An application under Section 156(3) of the Code of Criminal Procedure was filed by the father of the deceased at Ramnagar Police Station, who registered the matter for investigation and produced an investigation charge-sheet under Section 498A, 304B, 306, 34 of the Indian Penal Code and Section 3, 4 of the Dowry Prohibition Act. Finally, as per the order dated 30.01.1997, the Learned Assistant Sessions Judge Midnapore charged the accused persons under Section 498A/34 IPC, Section 304A/34 IPC alternatively under Section 306/34 IPC.
The prosecution tried to prove its case relying on 16 witnesses and 7 documents, including the written complaint, Inquest Report, signatures on the resolution dated 12.04.1993, post-mortem report, formal FIR, challan of the dead body of the deceased, sketch map with an index which was prepared by the Investigating Officer of the case. Among these witnesses, five had already turned hostile and deposed falsely. Hence, the Learned Court proceeded to analyze the evidence and observed that these witnesses had purposely misrepresented before and deviated from their earlier statements and they weren’t believable. There was also an instance of delay in lodging the FIR, which was cleared by the Hon’ble Court. The Learned Trial Court was pleased to release the inmates of the matrimonial home except for the petitioner from the charges under Section 498A/304B and/or Section 306 IPC. However, he was held guilty only for the offense under Section 498A of the IPC but was acquitted under Section 304B and/or Section 306 of the IPC.

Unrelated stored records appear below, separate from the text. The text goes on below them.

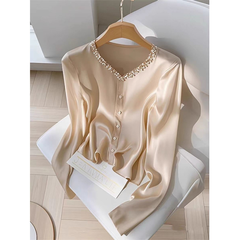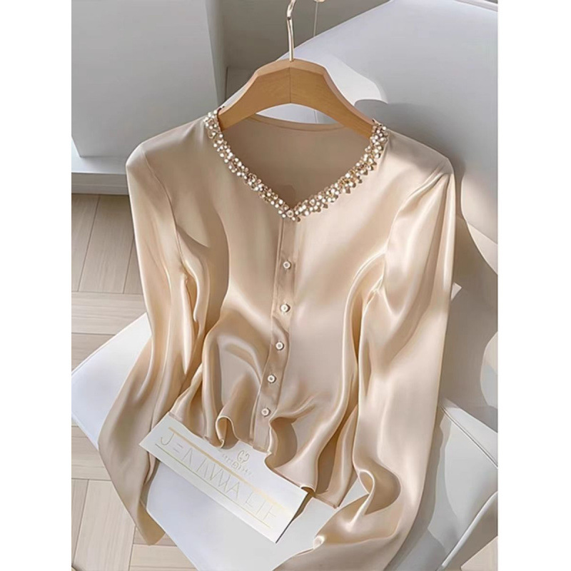 Early Autumn New Arrival French-style Elegant Champagne-colored Women’s Shirt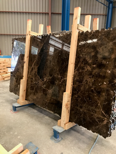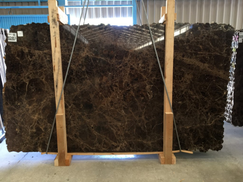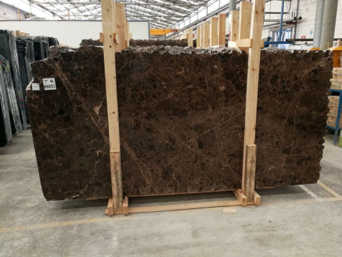Dark Emperador marble slabs, polished finish, quarried and manufactured in Spain. Packed in export wooden bundles.
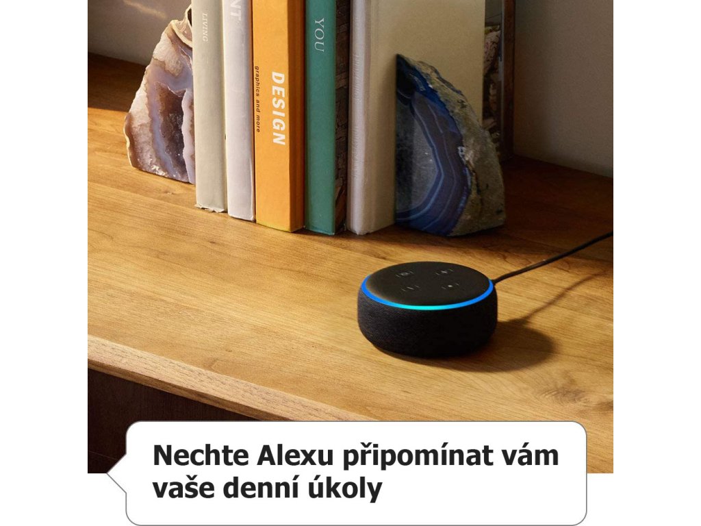 Vždy připravena - Alexa umí přehrávat hudbu, odpovídat na otázky, číst zprávy a předpověď počasí, nastavovat budíky, ovládat kompatibilní zařízení chytré domácnosti a mnoho dalšího.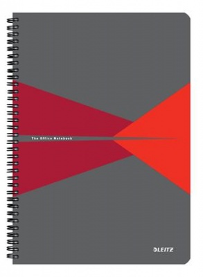 Spirálfüzet, A4, vonalas, 90 lap, laminált karton borító, LEITZ "Office", szürke-piros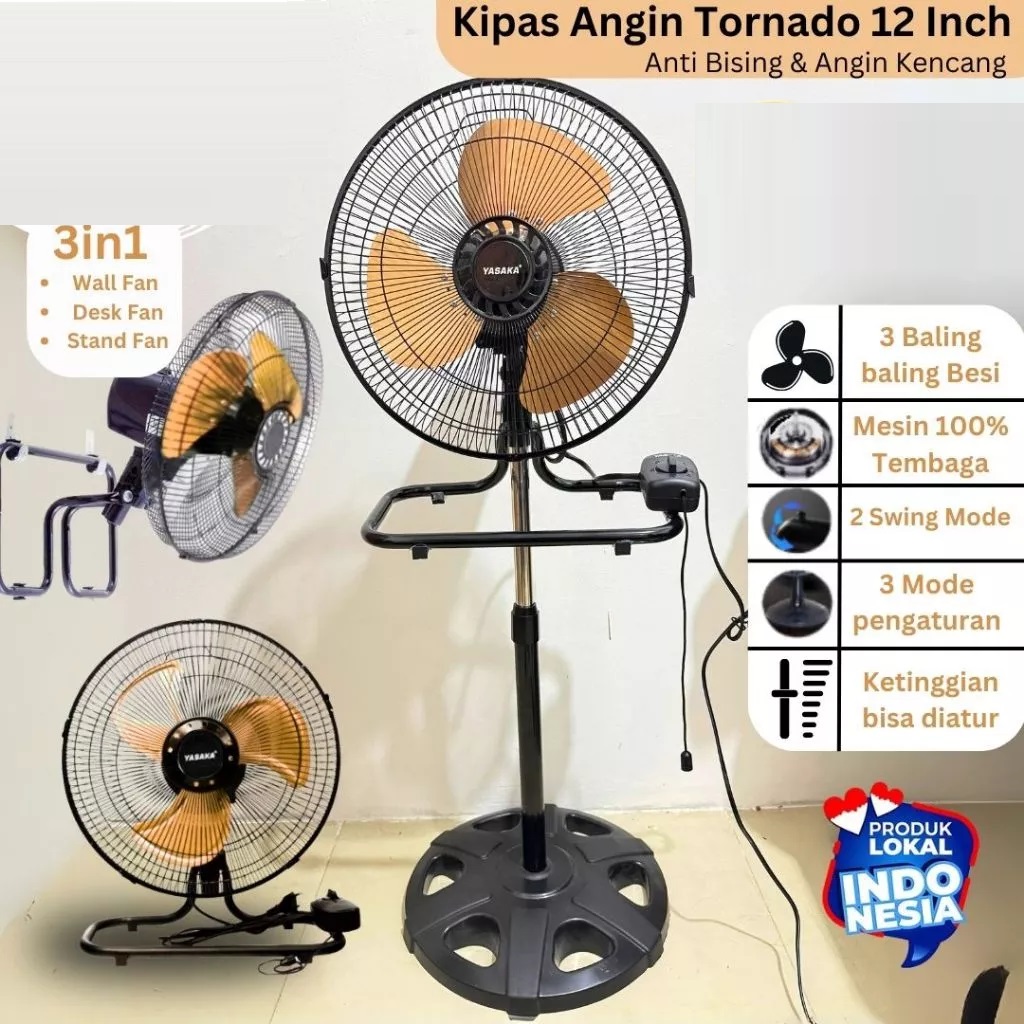 Kipas Angin Besi Tornado Fan 12” 3in1 Wall Fan Hemat Daya Kencang

Learned Advocate, appearing for the appellant, submitted that there was a manifest error, gross illegality, and total non-appreciation of evidence by both the Courts below which led to the interference of the Hon’ble Court. He also submitted that the prosecution had withheld best evidence that disproved the allegation of torture due to dowry or subjecting the deceased to ‘Cruelty’ which was without any foundation. Furthermore, it had been claimed that there was no document regarding the earlier two cases which were registered at the instance of the victim.
On the other hand, the Learned Advocate appearing for the State supported the judgment and submitted proximity within which the salish had taken place and there was unnatural death of the victim/deceased which unerringly pointed out to the guilt of the present petitioner. She further submitted that the judgment delivered by the Learned Trial Court and that of the Appellate Court were both on the foundation of factual appreciation and no manifest error from the evidence could be pointed out by the petitioner calling for the interference of the Hon’ble Court concerning to invoke the revisional jurisdiction.

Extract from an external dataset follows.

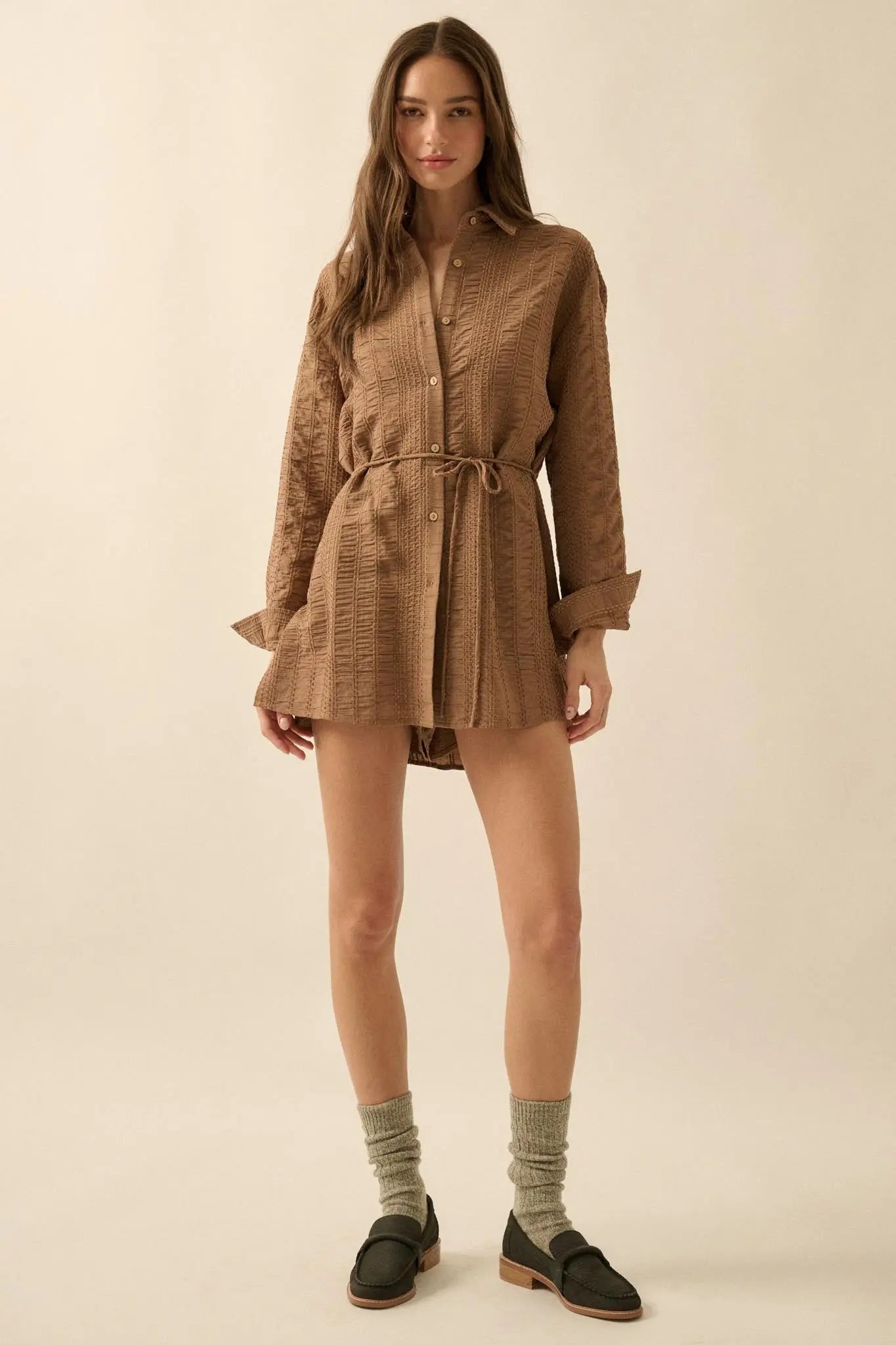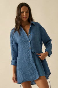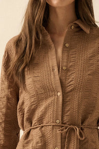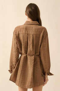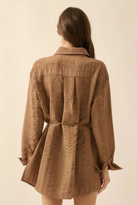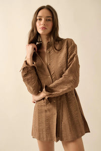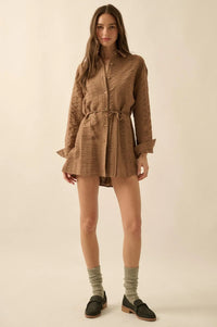 Perfect Day Smocked Button-Up Belted Shirt Romper - ShopPromesa

The Learned Advocate for the petitioner tried to emphasize the issue that since the petitioner was acquitted from the charges under Section 304B IPC, the allegation of ‘Cruelty’ no longer existed and as such, the conviction under Section 498A of the IPC was not maintainable. Such a proposition was challenged by the Learned Advocate for the State.
Thus, the Hon’ble Court held that, “…although cruelty is a common thread existing in both the offences; however the ingredients of each offence are distinct and must be proved separately by the prosecution.” Adding to that, it was stated that the argument put forth by the petitioner was not acceptable to the Court. The Hon’ble Court expressed its appreciation towards the judgments delivered by the Learned Trial Court and the Appellate Court, implying that they did not commit any illegality and had scrupulously adhered to the basic principles of evidence while delivering such judgments.

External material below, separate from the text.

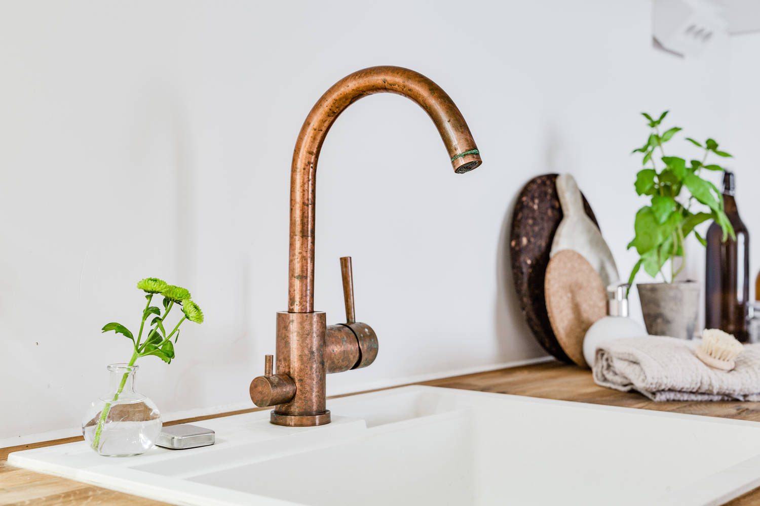 Ciekawie wygląda także bateria zlewozmywakowa w kolorze starego złota (miedzi). W zbliżonej barwie (odcienie brązu) jest także podłoga, blat oraz poręcz stylowych schodów, które prowadzą na drugi poziom mieszkania.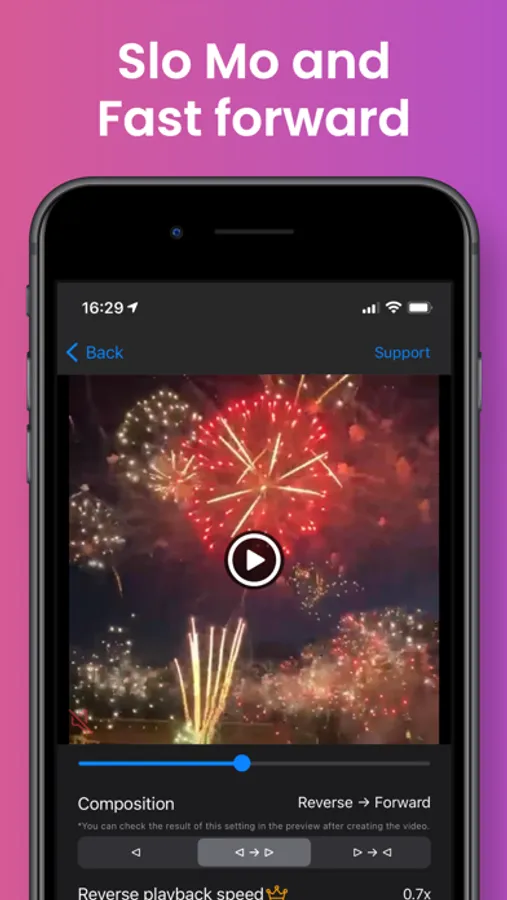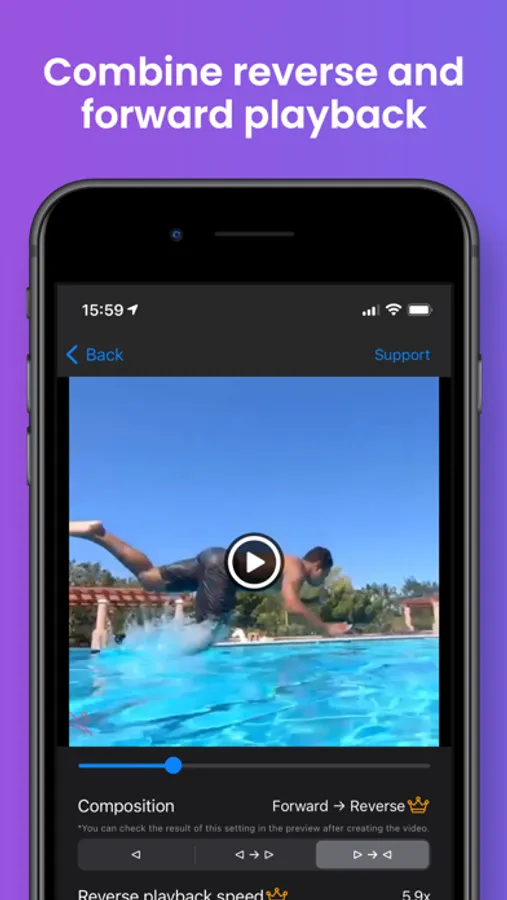 In the Pro Edition, you can set the speed of the reverse playback and the speed of the forward playback separately.

The Hon’ble Justice Tirthankar Ghosh clearly stated that there had been consistent and corroborating evidence regarding the demand of Rs.10,000/- for the purchase of materials relating to the purchase of fishing/boat/net/engine and such demand was made from the father of the deceased and which on appreciation of evidence reflected the infliction of torture. Concerning the existence of demand for dowry, the Hon’ble Court was convinced that the term “soon before her death” could not be interpreted as “immediately before”. The Hon’ble Court opined that no interference was called for regarding the finding of guilt and such factors were established by evidence in the leaned courts.
The only issue that had been pending was about the question of sentence, wherein, the incident had happened almost 28 years ago and the sentence imposed by the learned Trial Court was in the year 1998 for two years along with a fine of Rs.500/-. The Hon’ble Court, in this regard, said, “Needless to state that the pendency of the criminal case has definitely added to the mental agony of the present petitioner for almost three decades.” About the same, the Hon’ble Court said that the sentence that had been imposed by the Learned Trial Court and affirmed by the Appellate Court was reduced to the sentence which the petitioner had already undergone and suffered in this matter, thus, allowing the revisional application in part.